The rather unexpected connection between Chandler and Eliot (they were also both born in the same year) finally set me in the right direction on a vague project I was working on in the late Eighties to satirise The Waste Land and have a kick at this gnarled old totem pole which has blighted so much 20th- century poetry struggling to grow in its shadow. I wasn't getting very far with my original idea for a "Waste Land Colouring Book" ("Colour this rock red. Colour Mr Eliot's mood black"), when I made the detective story connection. After all, the way the bloody thing's taught owes more to forensics than to any kind of aesthetic response: identify the quotations, seek out the allusions, and if you're lucky you might get a motive. Then there are the lowlifes, typists, fortune tellers, Smyrna merchants and drag queens engaging in sterile sex and meaningless conversations amid parched deserts, stinking rivers and squalid bars, not to mention the backstreet abortionists and the corpse buried in the garden. Moreover, the poem involves a quest, a search for the Holy Grail, a stab at redemption in a fallen world by a man in this case Parsifal who is himself not fallen. It's a small leap from the Holy Grail to The Maltese Falcon, from Parsifal to Philip Marlowe...
And I had a wonderful image that perfectly synthesised the film noir, hard- boiled oeuvre of Raymond Chandler and the impenetrable moaning of moody old Tom Eliot. There's a scene in Howard Hawks' film of Chandler's The Big Sleep where the cops dredge a Packard out of the ocean, with Marlowe's clients' dead chauffeur still at the wheel. In many ways this scene is the acme of Chandlerism, with recent rain, the night, cars, cops, a corpse and Marlowe thigh-high in trouble. And its meaning is almost completely opaque. During filming, Humphrey Bogart, playing Marlowe, asked Hawks the significance of the stiffed chauffeur in the car. Hawks didn't know, so he asked the scriptwriters. They didn't know either, so they 'phoned Chandler, who said he'd forgotten. Which is perfect. Making sense doesn't matter: narrative is subsumed in a sense of style, and we all gladly go along for the ride not caring less. Exactly the same can be said of The Waste Land. Anyway, I took this scene and melded it with the opening line of Section IV of Eliot's poem, "Death by Water","Phlebas the Phoenician, a fortnight dead..." which I rendered into hard-boiled argot in the caption to the scene: "It was Phlebas the Phoenician... He'd been dead a fortnight..."
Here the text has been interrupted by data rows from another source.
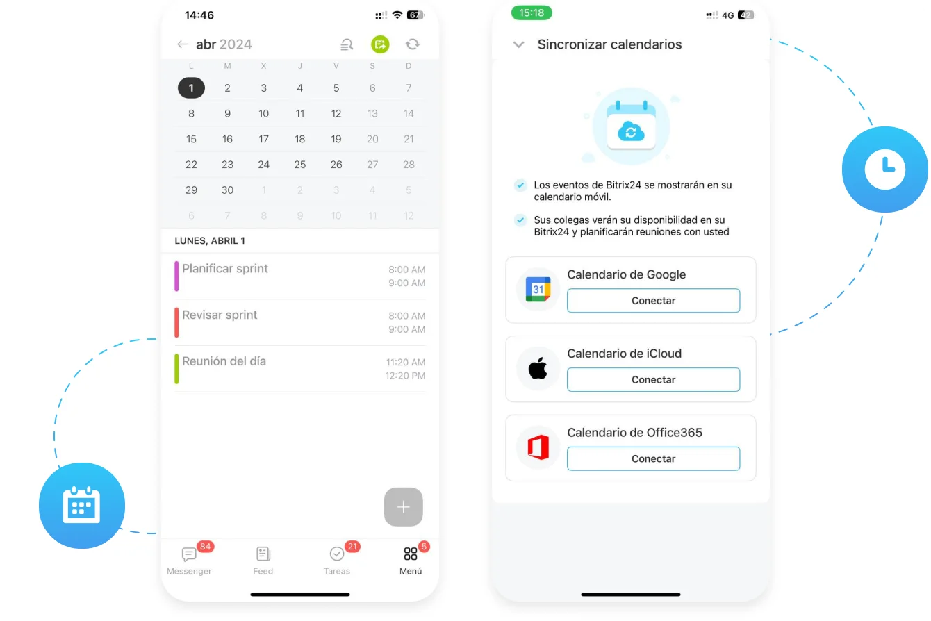 Organiza reuniones y eventos, invita a tus clientes y a usuarios externos, programa citas y planifica tu día, todo con la aplicación móvil Bitrix24.
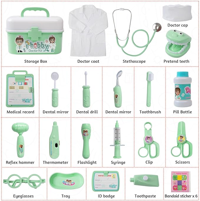 - Portable Storage Case: The included storage box keeps all the doctor tools neatly organized and easy to carry, allowing your little doctor to take their medical kit on the go. The secure latch ensures everything stays in place for convenient storage and travel.
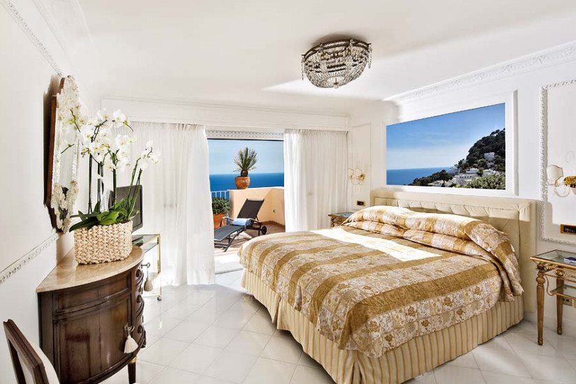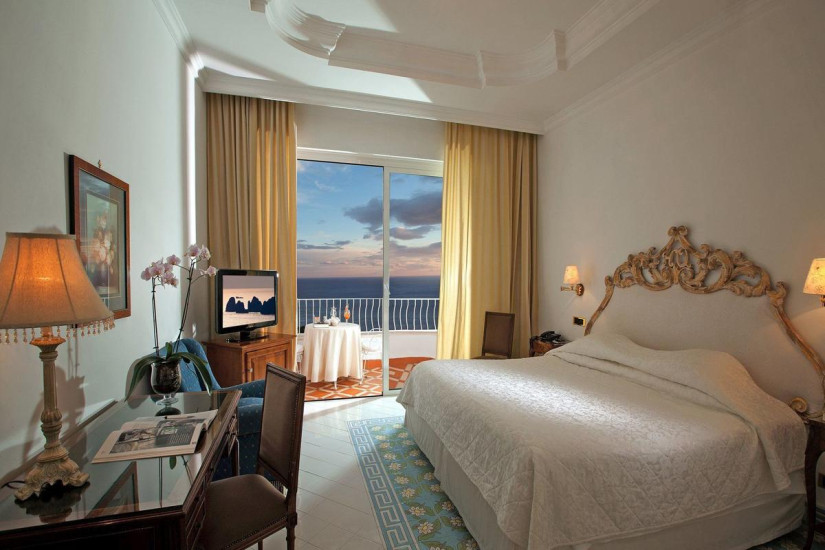 Отель предлагает комфортабельные номера следующих категорий: Standard Rooms, Deluxe Rooms, Special Deluxe Rooms, Junior Suites, Park Suites, Duplex Suites, Special Suites, Special Duplex Suites, Deluxe Suites, Grand Deluxe Suitse, а так же две виллы. Наполненные светом роскошные номера оформлены со средиземноморским изяществом и элегантностью. В декоре преобладают различные оттенки белого (этот цвет является визитной карточкой отеля), так как ярки краски в изобилии представлены в живописных видах Капри, открывающихся из окна.

The caption, however, had to be changed. Before approaching Penguin, the book's original publisher, my then agent had sent the proposal to Faber, Eliot's old company. They had rather sniffily rejected it on the ground that "Valerie wouldn't like it". Valerie is Mrs Eliot, old Tom's widow, still going strong and still fiercely defending the sacred flame. In time, as we'd expected, Penguin received a letter from solicitors representing the Eliot Estate, observing that Penguin proposed to publish "what would appear to be some form of comic book version of our client's copyrighted work".
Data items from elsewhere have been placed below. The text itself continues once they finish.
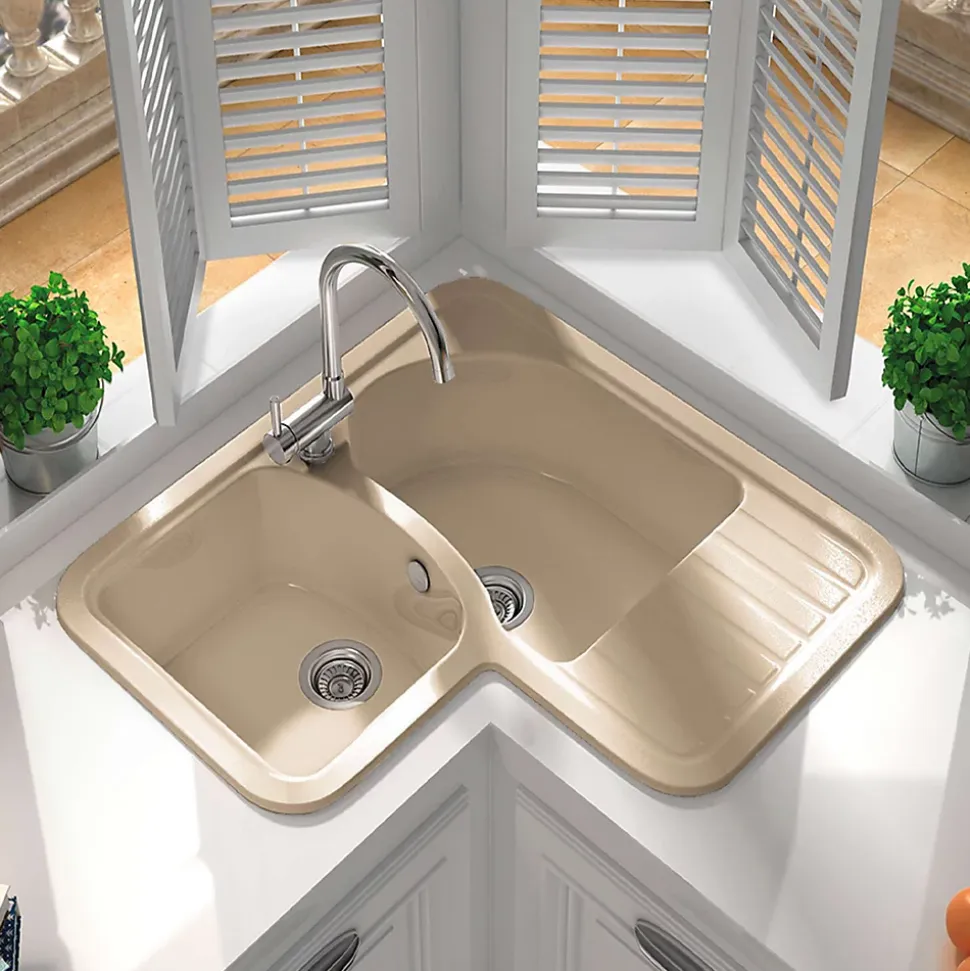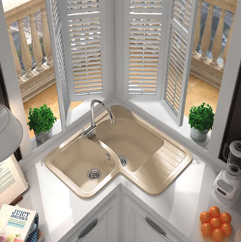 - Evier d’angle pour maximiser l’espace sur votre plan de travail
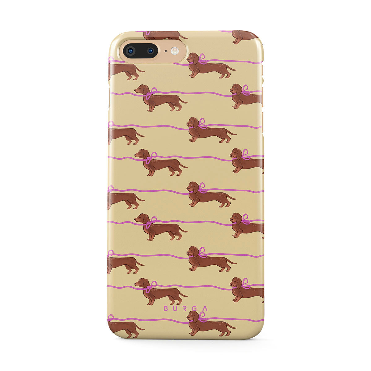 This iPhone 7 Plus / 8 Plus phone case design doesn’t believe in time, only vibes. It features sassy sausage dogs with bows who, like you, are running 15 minutes behind—and blaming Mercury.
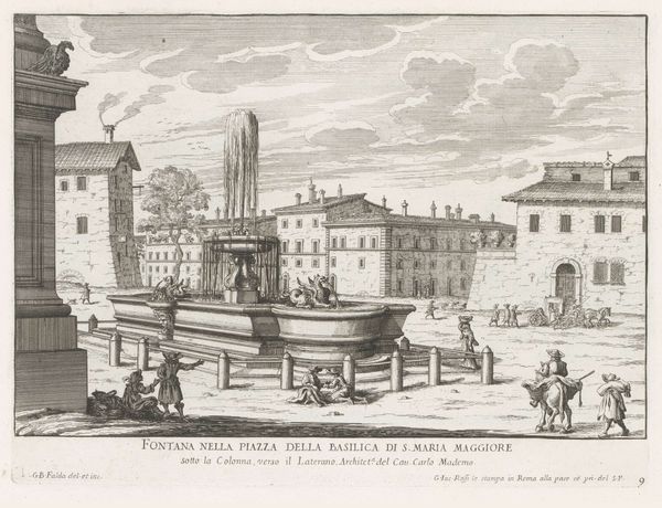 Editor: This is Giovanni Battista Falda's "Fontana del Pantheon op Piazza della Rotonda te Rome," an engraving dating from sometime between 1653 and 1691. I find the contrast between the grandeur of the fountain and the everyday life around it quite compelling. How do you interpret this work? Curator: Falda’s engraving offers us a glimpse into 17th-century Rome, but it's more than just a pretty cityscape. It presents a carefully constructed image of power and social dynamics. Consider the placement of the fountain itself – a symbol of papal authority and urban control, designed to impress and provide a public service. But who benefited most from this public space? Editor: Well, everyone in the scene seems to be using the piazza in their own way... Curator: Precisely! And that's where it gets interesting. Notice how Falda depicts different social classes interacting, or perhaps just co-existing, within this carefully designed space. The engraving allows us to think about how urban spaces are never neutral. They are always political stages, reflecting and reinforcing existing power structures and social inequalities. The placement, scale, and function all reflect those in control. How do you think this image contributed to the creation, or perhaps the maintenance, of a particular Roman identity? Editor: That's a fascinating point. Maybe the image serves as propaganda, promoting Rome as a beautiful, functional, and harmonious city, despite the likely social tensions beneath the surface. Curator: Exactly. These images played a vital role in shaping perceptions and reinforcing narratives of civic pride. It’s about constructing an idealized version of urban life. The reality, as always, was likely far more complex and contested. Editor: I see it differently now. It is not just a pretty fountain. There is a power structure to appreciate and to question. Curator: And that's the crucial element. Engage with art as a social document, and you'll always find something new to question!
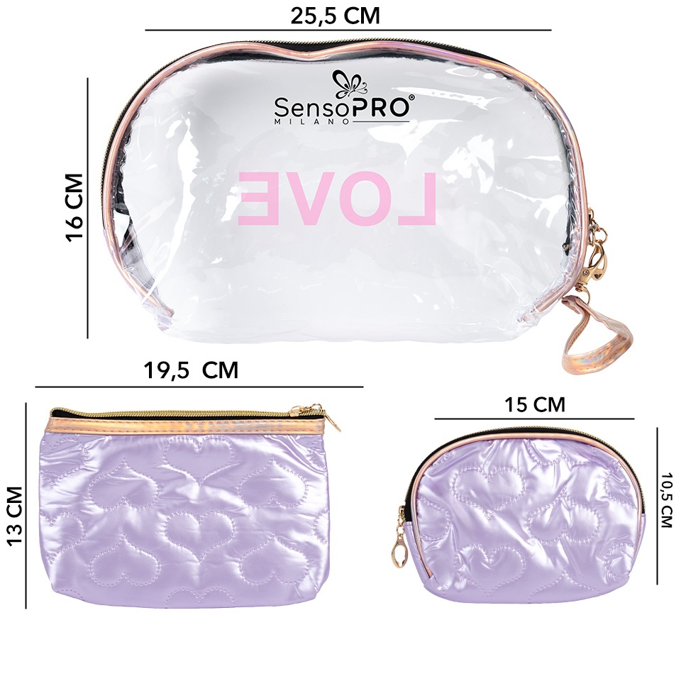 Portfard Cosmetice SensoPRO Milano - Travel Vibe, set 3 buc este perfect pentru calatorii. Portfardurile sunt un accesoriu versatil, extrem de util atat pentru vacante cat si pentru transportul si depozitarea zilnica a produselor cosmetice. Portfardurile sunt dotate cu un fermoar metalic foarte rezistent. Alege in siguranta colectia de beauty!
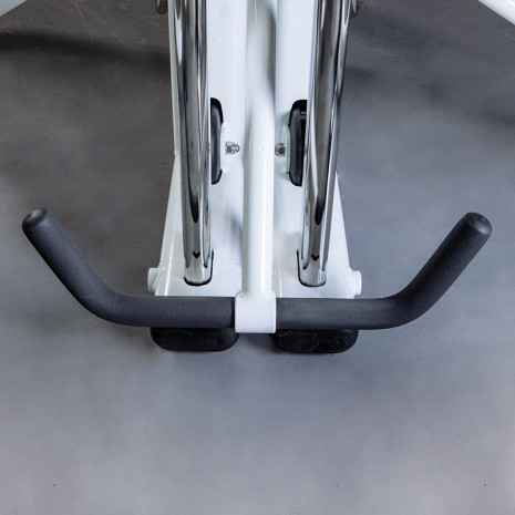 Вес грузового стека в стандартной комплектации составляет 100 кг, а изменение нагрузки осуществляется с шагом 5 кг. Опционально можно выбрать тренажер с грузовым стеком весом 120 кг. Прочная рамная конструкция выполнена из усиленного стального профиля, что обеспечивает общую надежность тренажера.

Rather naively, I'd worked on in the belief that, although I couldn't expect to quote any of Eliot's own words without permission (which I knew wouldn't be forthcoming: I'm not Andrew Lloyd Webber, after all), I would, at least, be able to quote the quotations quoted by Eliot. As old Tom had plundered the literature of Europe, Asia and three millennia to produce a poem which is almost the sine qua non of the cut-up technique, both in effect and comprehensibility, it seemed only fair that I should be able to do likewise. I hadn't, however, taken account of Compilation copyright. It got worse. We sent a photocopied manuscript of the 60 pages of artwork to the solicitors who, ignorant of poetical things, sent it to Faber. I was told (even though I shouldn't have been) that Valerie came in one day with Seamus Heaney who, seeing the manuscript in an intray, picked it up, read it, then returned it, saying to Valerie as he did so, "It's a hoot, Val!" Her response went unreported. The manuscript was returned with all perceived infringements of the Eliot Estate's copyright marked in pink highlighter pen. Apparently their copyright extended to cover the word "Michelangelo", the sound effect "Throb Throb Throb" as produced by a taxi, and the images of Ezra Pound and Wyndham Lewis.
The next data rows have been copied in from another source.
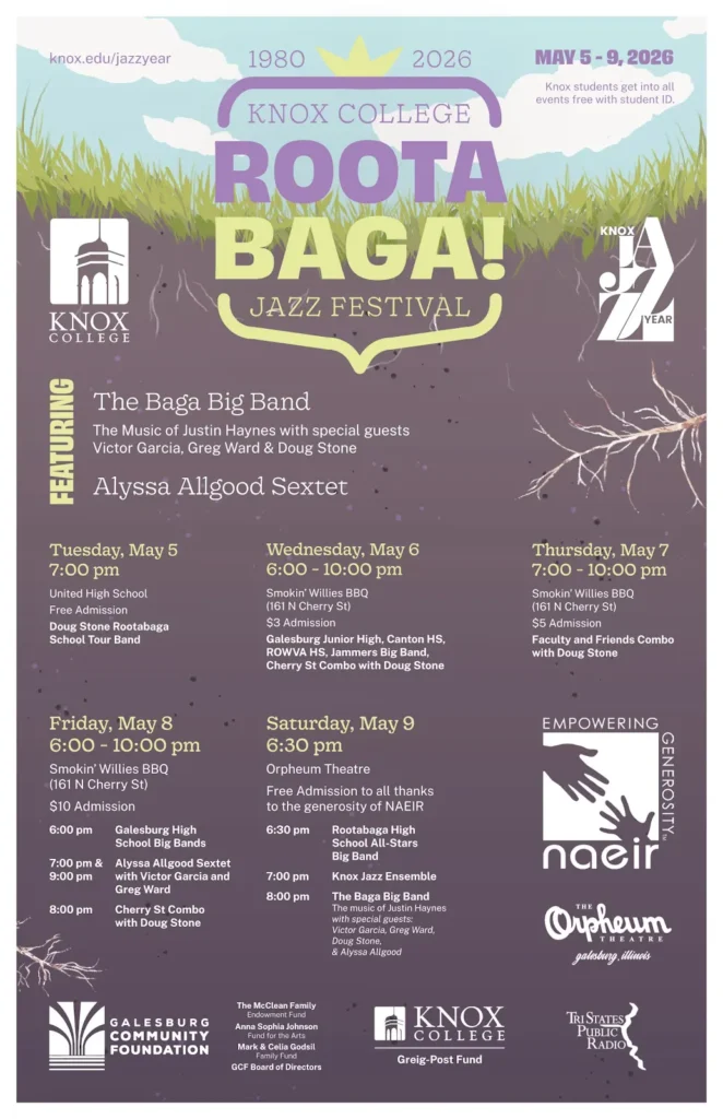 Knox College will host the 46th annual Rootabaga Jazz Festival May 5–9, featuring performances by student groups, regional high school bands and professional musicians at venues across Galesburg.
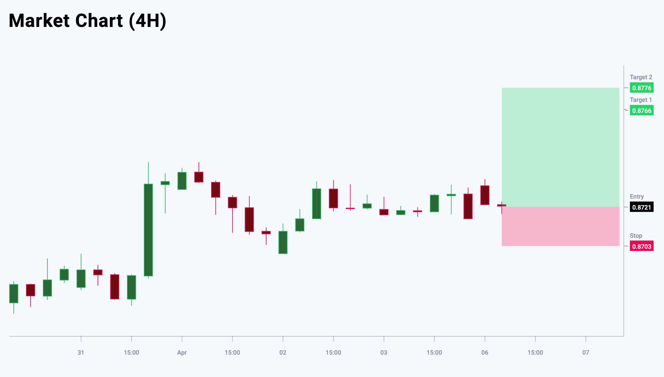 EURGBP valyuta juftligi o‘sish potensialini saqlab qolmoqda, bullish impuls yakunlanganini ko‘rsatadigan aniq signallar yo‘q. Foyda olishlar kuzatilganiga qaramay, pasayish cheklangan bo‘lib qoldi, bu esa barqaror talabni tasdiqlaydi. Texnik ko‘rinish ham bullish ssenariyni qo‘llab-quvvatlaydi: H4 grafikda 20-period EMA 0.8718 atrofida joylashgan va dinamik qo‘llab-quvvatlash vazifasini bajarmoqda. Ushbu darajadan yuqorida ushlanish keyingi o‘sish ehtimolini oshiradi. Bugungi EURGBP savdo g‘oyasi pending Buy Limit orderini joylashtirishni nazarda tutadi.
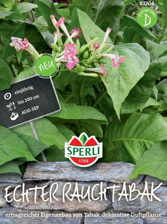 Lehdet käytetään savukkeisiin ja sikareihin. Nopeakasvuinen, isolehtinen, aromikas. Kylvetään maalis-toukokuussa, itää 2-4 vuorokaudessa 20-22 asteessa. Riviväli 50-60 cm, taimiväli 15 cm. Korkeus n. 200 cm. Satoa saadaan elokuusta alkaen. Viihtyy aurinkoisella kasvupaikalla. Annos noin 80 siementä.

For our part, we did our best to appease them. For instance, in the poem the secretary, following her liaison with the young man carbuncular, "smoothes her hair with automatic hand, / And puts a record on the gramophone". The record I had her play was a pastiche of Cole Porter's "Let's Do It". To sweeten the Eliot Estate, I had to remove the second line of the verse "Leicester and Good Queen Bess did it / Tom and Vivienne I guess did it / Let's Do It, Let's Fall in Love!" Meanwhile, letters continued to pass between Penguin's solicitors, Mishcon de Reya, and the Eliot Estate. "We should like to point out that your statement that at page 41 the picture featured is Margate Sands is not correct, the picture is in fact of Pegwell Bay." We even tried a grovelling letter on behalf of myself and Penguin to Valerie from Antony Julius, Mishcon de Reya's in-house Eliot expert, later solicitor to the late Princess of Wales. (She might have had reason to doubt our sincerity, as Julius subsequently wrote an excellent and satisfying book detailing the extent of Eliot's antisemitism.) In the end I changed every single line and every name quoted from the original poem. To satisfy my wounded artistic soul, there was also an American edition which was published untouched by lawyers' hands, thanks to the entirely admirable "parody defence" embodied in American law.
Some of the changes lent the book a satisfyingly surreal edge. I had originally illustrated Eliot's line "Jug jug jug jug jug jug" by having my hero (called Chris Marlowe, obviously) walk past six jugs labelled "jug" on the run from the bad guys in the British Museum. At the insistence of the lawyers, the labels were changed to "Ampora", "vessel", "gugglet", "pitcher", "ewer" and "crock". Likewise, where Eliot quoted the classics, I was obliged, with help, to make up passages from entirely fictitious Latin writers, although I'm not going to say where I did this, as this was part of the fun. Still, scarred but unbowed, the book was finally published, unheralded by writs or injunctions, in November 1990.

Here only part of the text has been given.